- **Try it**
Exact reproduction required: the lines below from the line with "Colourful image of" to the line with "лютого 2022 року.", both ends included, and no others.

- **Information supplied**
------
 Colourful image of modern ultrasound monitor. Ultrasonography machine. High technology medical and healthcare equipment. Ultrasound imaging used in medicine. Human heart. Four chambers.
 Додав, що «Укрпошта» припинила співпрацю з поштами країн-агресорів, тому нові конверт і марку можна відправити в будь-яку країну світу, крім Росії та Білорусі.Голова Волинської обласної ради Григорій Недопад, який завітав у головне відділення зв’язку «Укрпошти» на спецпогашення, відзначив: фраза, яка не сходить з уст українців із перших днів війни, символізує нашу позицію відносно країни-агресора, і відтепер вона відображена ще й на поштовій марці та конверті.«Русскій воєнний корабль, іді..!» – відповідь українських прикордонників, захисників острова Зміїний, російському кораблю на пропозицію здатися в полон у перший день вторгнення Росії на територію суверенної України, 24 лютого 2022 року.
------
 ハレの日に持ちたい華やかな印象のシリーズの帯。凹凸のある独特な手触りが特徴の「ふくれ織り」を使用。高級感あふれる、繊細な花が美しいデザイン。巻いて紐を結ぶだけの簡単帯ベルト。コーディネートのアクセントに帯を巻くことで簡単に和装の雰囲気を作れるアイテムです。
------
- **Output of the task**
 Colourful image of modern ultrasound monitor. Ultrasonography machine. High technology medical and healthcare equipment. Ultrasound imaging used in medicine. Human heart. Four chambers.
 Додав, що «Укрпошта» припинила співпрацю з поштами країн-агресорів, тому нові конверт і марку можна відправити в будь-яку країну світу, крім Росії та Білорусі.Голова Волинської обласної ради Григорій Недопад, який завітав у головне відділення зв’язку «Укрпошти» на спецпогашення, відзначив: фраза, яка не сходить з уст українців із перших днів війни, символізує нашу позицію відносно країни-агресора, і відтепер вона відображена ще й на поштовій марці та конверті.«Русскій воєнний корабль, іді..!» – відповідь українських прикордонників, захисників острова Зміїний, російському кораблю на пропозицію здатися в полон у перший день вторгнення Росії на територію суверенної України, 24 лютого 2022 року.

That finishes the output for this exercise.